- Born: Zsuzsanna Blau 9 September 1930 (age 95) Felsögöd, Hungary
- Known for: Holocaust survivor
- Spouse: Abraham Pollack
- Awards: MBE,OBE

= Susan Pollack =

British Holocaust survivor

Susan Pollack OBE (born 9 September 1930) is a Hungarian-born British Holocaust survivor and Holocaust educational speaker. During the Holocaust, she was interned at Auschwitz-Birkenau for 10 weeks before being sent to Guben in Germany to work in an armaments factory, and later, by death march, to Bergen-Belsen concentration camp where she was liberated by the British Army on 15 April 1945.

== Early life ==
Pollack was born Zsuzsanna Blau on 9 September 1930 in Felsögöd, Hungary into a Jewish family. Her father, Erno Blau, ran a business selling wood and coal. There were 16 Jewish families living in the small village, which had a population of c. 3000. At an early age she noticed a rise in antisemitism in her town, including laws introduced from 1938. Her brother Laszlo (Laci) was restricted from attending further education due to a law limiting the number of Jewish students attending to two per cent. With the onset of World War II in September 1939, antisemitism became widespread, including radio propaganda and physical attacks. Laci was beaten at a scout meeting. After the Nazis invaded Hungary in March 1944, Jews were made to wear a yellow badge. Her family had their citizenship revoked and her father was forced to close his business. He was invited to a meeting but was instead taken to a concentration camp on a lorry. Pollack never discovered where he died. In May 1944, Pollack and her family were ordered to leave their home and were transported to a ghetto in Vác followed by an internment camp. Later that month, they were sent by cattle truck to Auschwitz-Birkenau.

== Auschwitz-Birkenau ==
Pollack was aged 13 when she and the rest of her family were loaded onto the cattle truck. She recalled that they were locked into the dark, cold space with little room to sit down in inhuman conditions for days with many others. When she arrived at the railway platform at Auschwitz a prisoner told her to say that she was 15 to save her life. She was immediately separated from her mother (Gisella), who was taken with other women and children to the gas chamber. After being separated from her family, Pollack, alongside hundreds of other young women and girls, were stripped and had their heads shaved. She was not tattooed with a number because she was being held with hundreds of others to be deported to other sites. She shared a barracks with 800 young women and each day was forced to parade naked with the other women in front of Josef Mengele, who selected some of them for experiments. Pollack remained in the camp for ten weeks, working as a slave labourer with limited food. She was then transported to Guben, Germany to work in an armaments factory.

== Bergen-Belsen ==
Pollack was forced along with other prisoners on a death march to Bergen-Belsen concentration camp by the Nazis. Many of the prisoners were shot or died of starvation. She described the conditions as "treacherous". On the long walk, they sometimes slept in a barn and were fed with boiled potatoes, until they eventually arrived at Bergen-Belsen. She described the camp as "indescribable", commenting that there were "mountains of corpses everywhere and no hygiene". Infectious diseases were widespread in the camp.

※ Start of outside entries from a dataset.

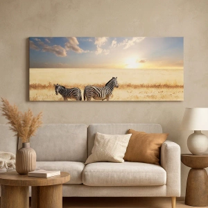 Impression sur toile - Image sur toile - Deux zèbres dans la savane sous les rayons du soleil couchant - 50x70cm - Va-t'en, n'ai pas de paix - Décoration murale moderne pour le salon et la chambre ARTTOR
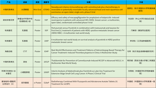 在头颈肿瘤、乳腺癌、肺癌、前列腺癌等多个疾病领域,卡瑞利珠单抗、阿得贝利单抗、吡咯替尼、氟唑帕利、法米替尼、醋酸阿比特龙片(II)等抗肿瘤新药相关研究一共入选了1项简短口头报告、4项壁报展示和1项电子壁报,彰显了世界杯官方网站入口强劲的研发实力。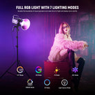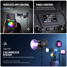 - Éclairage photo RGB complet à intensité variable avec précision - Cet éclairage de studio offre des modes d'éclairage CCT/HSI/RGBCW/FX/Gel/Source/XY pour une palette de 36 000 couleurs RGB, une large plage de température de couleur de 2 500 K à 7 500 K, 40 couleurs de gélatines LEE&ROSCO (20 de chaque), 17 sources lumineuses et 17 scènes, pour une créativité sans limites. La technologie de gradation PWM permet un réglage précis de la luminosité de 0 % à 100 % par incréments de 1 %, et propose 4 courbes de gradation pour une précision optimale. Un IRC élevé (95+) et un TLCI (97+) garantissent un rendu des couleurs fidèle.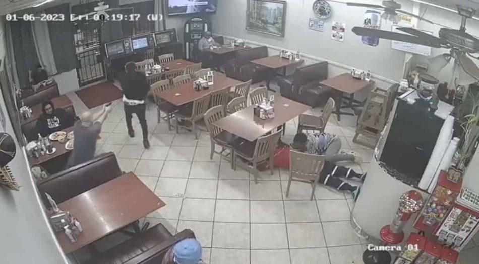 Portaba una pistola de plástico y amenazó a los clientes del restaurante exigiendo su dinero. Uno de los clientes sacó su arma y disparó varias veces al atracador quien murió en el acto.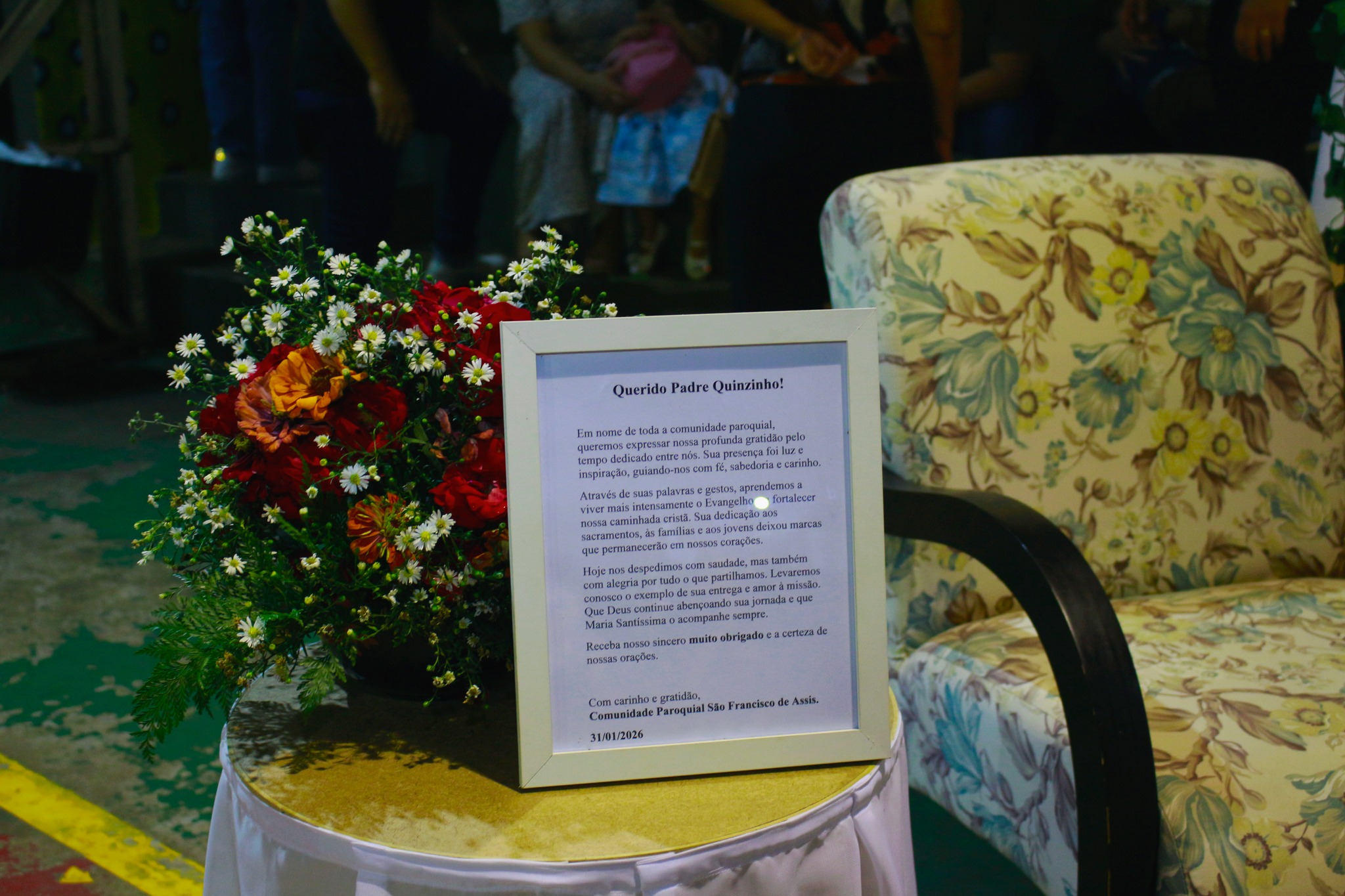 A despedida do padre Quinzinho foi marcada por gratidão e reconhecimento, enquanto a comunidade também se prepara para acolher o novo pároco, dando continuidade à caminhada pastoral da Paróquia São Francisco de Assis em Adamantina.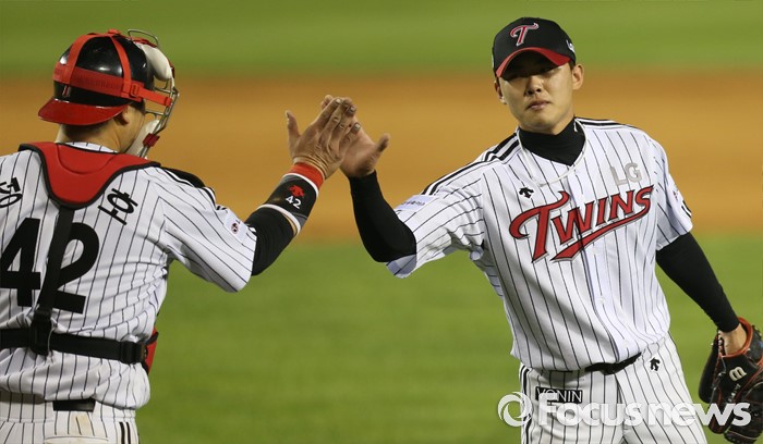 (서울=포커스뉴스) 20일 서울 잠실구장에서 열린 2016 프로야구 넥센-LG 경기에서 9회 등판해 LG 승리를 지킨 임정우와 포수 정상호가 하이파이브하며 승리의 기쁨을 나누고 있다.

On 15 April 1945, they were liberated by the British Army. When she heard shouting in the camp that they were being set free, she crawled out of her barracks. An English soldier picked her up and put her in an ambulance, which transported her to a makeshift hospital. Pollack did not feel exuberant about being liberated from the camp. She stated that the dehumanisation and despair left her feeling numb. She was treated for various diseases including tuberculosis and typhoid, then moved to Sweden to recover. Pollack's brother Laci was the only other family member to survive and he returned to the family home in Hungary. Pollack learned that her brother had been forced to work as a Sonderkommando, and consequently he experienced mental health issues.

==Later life==

Pollack moved to Canada, where she met her husband, who was also a survivor of the Holocaust. In 1962, she moved to the United Kingdom, where she studied a history degree, worked as a librarian, volunteered as a Samaritan and spent 25 years teaching about the Holocaust. She made it her mission to share her Holocaust testimony. She has shared her life story with thousands of young people and adults.

In May 2015, Pollack gave evidence at the trial of former Auschwitz SS guard Oskar Gröning.

==Honours==
In the 2016 New Year Honours, she was appointed MBE for services to Holocaust Education, and in the 2023 New Year Honours, she was appointed OBE for services to Holocaust Education and Awareness.

== Other media ==
In January 2022, the premiere of Pollack's life story was portrayed on stage in a play titled "Kindness", by the theatre company Voices of the Holocaust. Since its premiere, ‘Kindness: A Legacy of the Holocaust’ co-authored by Mark Wheeller has been seen by over 30,000 students in schools across the UK.